# First Pics of My Dream Theater



## Dream Theater (Sep 14, 2014)

Pics are of my false wall and stage. It will have a 130" screen. I left room on both sides of the stage so I can either put the left and right speakers in front or behind the screen. More than likely I will put the center behind the screen and the left and right up front. Thanks


----------



## Tonto (Jun 30, 2007)

Congrads on the build, I know you've been doing a lot of research. Looks like your getting off to a nice start. I like the idea of having the mains out front. Always lets you reposition them out into the room for 2 channel listening. Have you considered insulating the stage for acoustics?


----------



## Dream Theater (Sep 14, 2014)

Tonto said:


> Congrads on the build, I know you've been doing a lot of research. Looks like your getting off to a nice start. I like the idea of having the mains out front. Always lets you reposition them out into the room for 2 channel listening. Have you considered insulating the stage for acoustics?


I actually have not thought of insulating the stage. How would you go about doing it?


----------



## NBPk402 (Feb 21, 2012)

Dream Theater said:


> I actually have not thought of insulating the stage. How would you go about doing it?

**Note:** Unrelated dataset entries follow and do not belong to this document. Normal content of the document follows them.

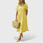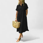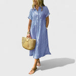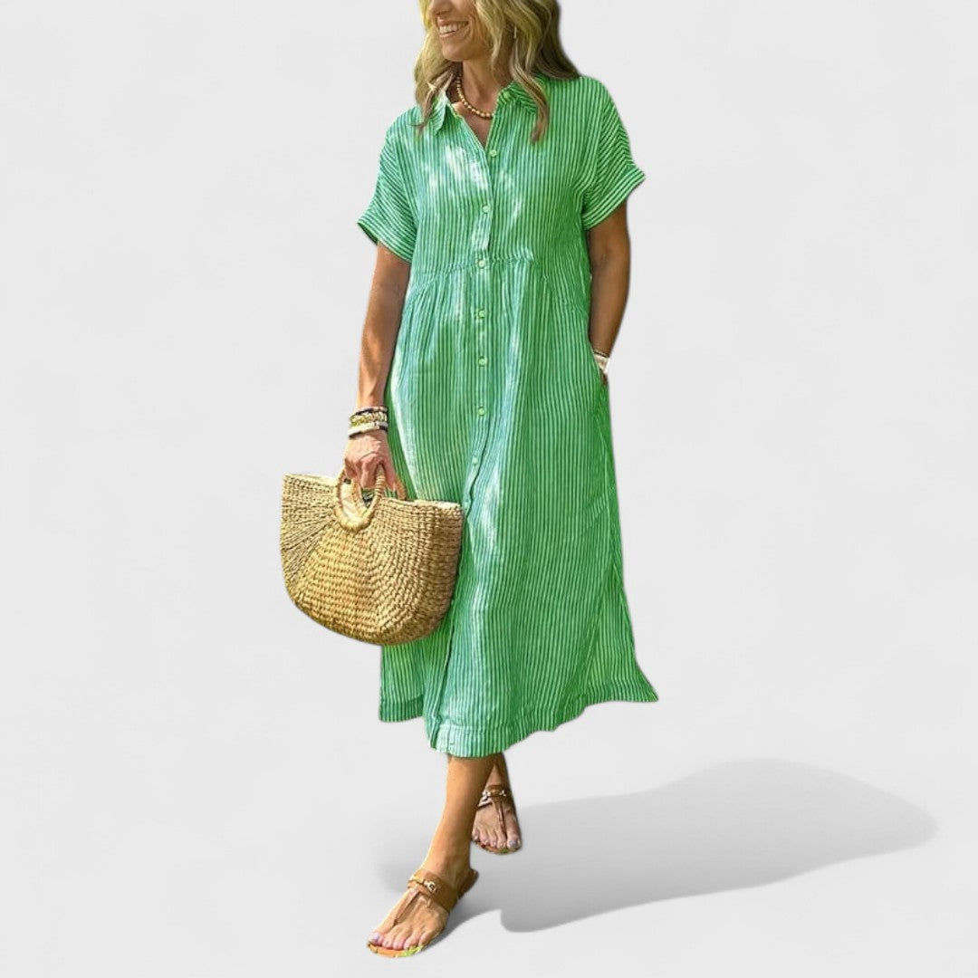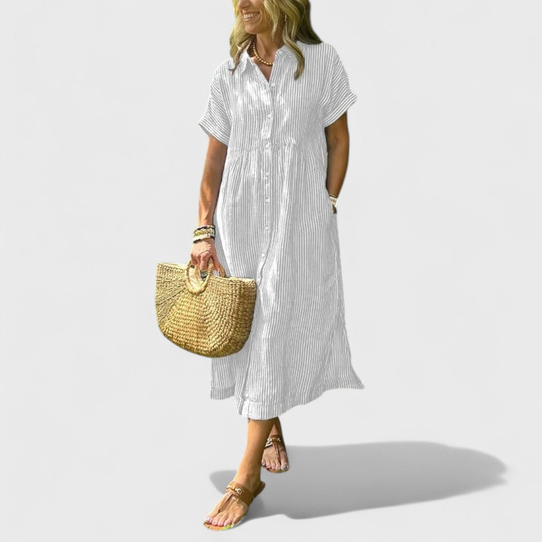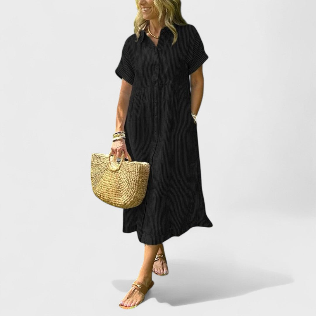 Az Angela ruha hosszabb hosszal és örök szabással rendelkezik, amely szépen kiemeli a derekat és simán omlik a test köré. Puha, lélegző anyagból készült, így ideális forró nyári napokra, romantikus estékre és ünnepi pillanatokra a városban.
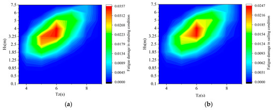 The distribution of fatigue damage varies significantly across different sea states. Under the Standing condition, the most severe fatigue damage occurs in a sea state with a wave height of 3.25 m and a wave period of 6 s. Similarly, under the Sailing condition, the maximum fatigue damage is observed in a sea state with the same wave height of 3.25 m and wave period of 6 s. This indicates that the combination of these particular wave characteristics contributes most significantly to fatigue damage in both conditions. The specific values of fatigue damage under these sea states are presented in Figure 13, providing a clearer comparison of the damage distribution in different operational conditions.
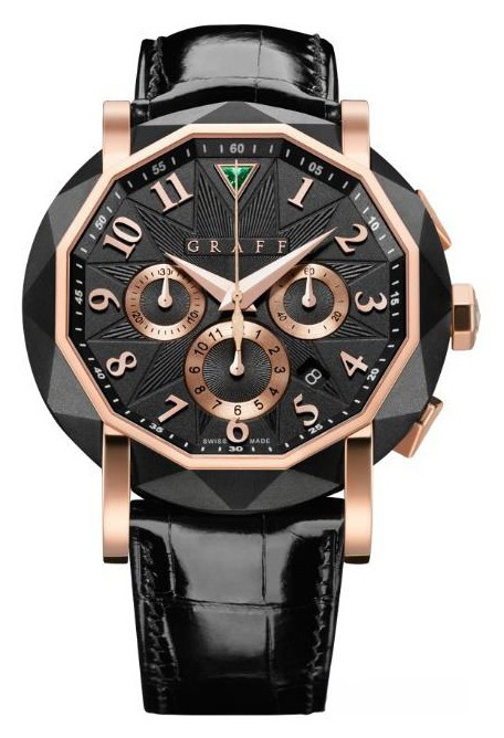 Часы Graff ChronoGraff 42 mm представлены в корпусе из розового золота 18к с черным DLC размером 42 мм водонепроницаемостью 30 метров. Внутри корпуса находится автоматический механизм. На черном циферблате отображаются часы, минуты, секунды, дата, накопители хронографа.Часы поставляются на ремешке из кожи аллигатора с золотой застежкой.
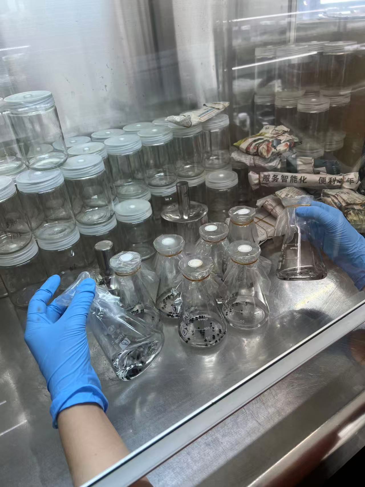1、蔬菜研究所科技人员对韭菜种子消毒后无菌入瓶开展组培育苗,核心是突破传统育苗弊端、实现实现优质品种的快速繁苗,保护良种特性,短时间内获得大量遗传性状一致的种苗,精准保留良种的高产、抗寒、抗病虫害、香味浓等优良特性,适合良种推广与产业化应用。
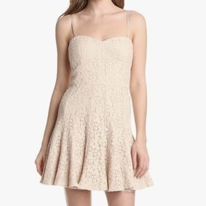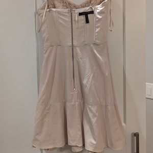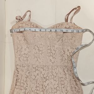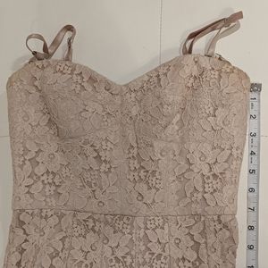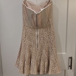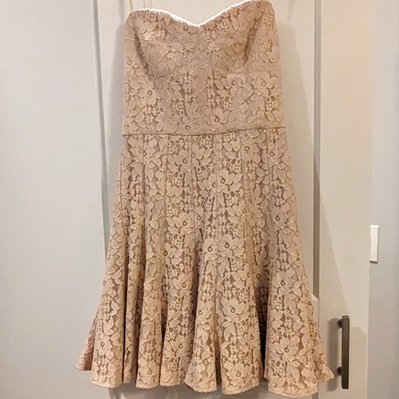 BCBG MaxAzria lace dress. This beautiful dress was worn once and in EUC. Style: Brianne Color: Almond. The straps are an optional choice or can be worn strapless. See pics for approximate measurement and also included are the lining of dress to show the great condition.
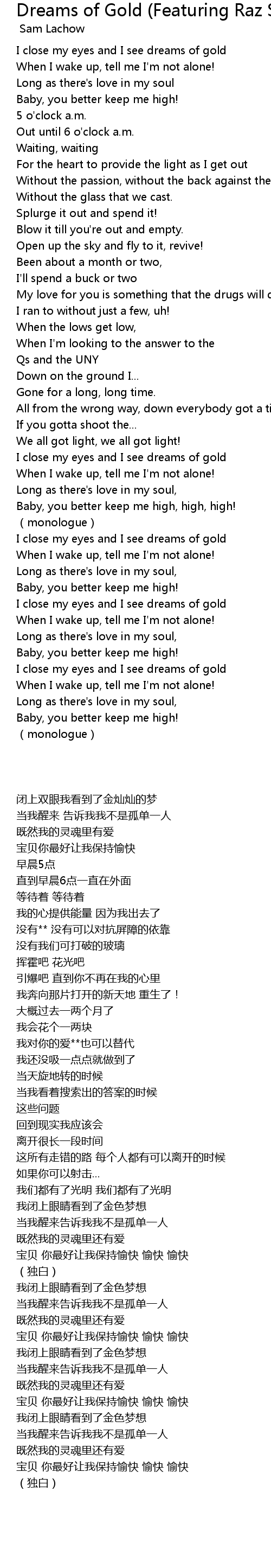 | Song | Dreams of Gold (Featuring Raz Simone & Ariana Deboo) |

Just use a hole saw to cut holes in the wood stage (front side, and rear side) so air can pass from the front to the rear, and then stuff it with insulation so it traps the bass. Are you going with the AT screen then too?


----------



## mr_tv (Mar 18, 2014)

I would do a baffle wall behind the screen. Google THX baffle wall. I created one behind my AT screen and I am not sorry I did it. I did not do the full ceiling to floor baffle. It is limited to just behind the screen. It has made a hugh difference in sound in my theater. I used small speakers on my baffle wall. It actually has lowered the bass response of the speakers doing a baffle wall. Front separation was much better using the wall. My speakers are not ported which is one of the requirements of using speakers with a baffle wall. Good hunting


----------



## eclipse911t (Jan 8, 2013)

Baffle walls are great and can be used with ported speakers. Almost every speaker setup you see when googling THX Baffle wall will be ported. The key is that they need to be FRONT ported. 

Cheers,


----------



## Dream Theater (Sep 14, 2014)

ellisr63 said:


> Just use a hole saw to cut holes in the wood stage (front side, and rear side) so air can pass from the front to the rear, and then stuff it with insulation so it traps the bass. Are you going with the AT screen then too?


I'm not sure quite yet on the AT screen. I figured that I would still build the false wall so even if I don't go with the AT screen to start I could upgrade to it. I'm still researching DIY spandex screens to save on the budget.


----------



## mr_tv (Mar 18, 2014)

eclipse911t said:


> Baffle walls are great and can be used with ported speakers. Almost every speaker setup you see when googling THX Baffle wall will be ported. The key is that they need to be FRONT ported.
> 
> Cheers,


Yes, you are right. I focused on no port instead of front port. Thanks for getting me straightened out.:clap:


----------



## mr_tv (Mar 18, 2014)

Dream Theater said:


> I'm not sure quite yet on the AT screen. I figured that I would still build the false wall so even if I don't go with the AT screen to start I could upgrade to it. I'm still researching DIY spandex screens to save on the budget.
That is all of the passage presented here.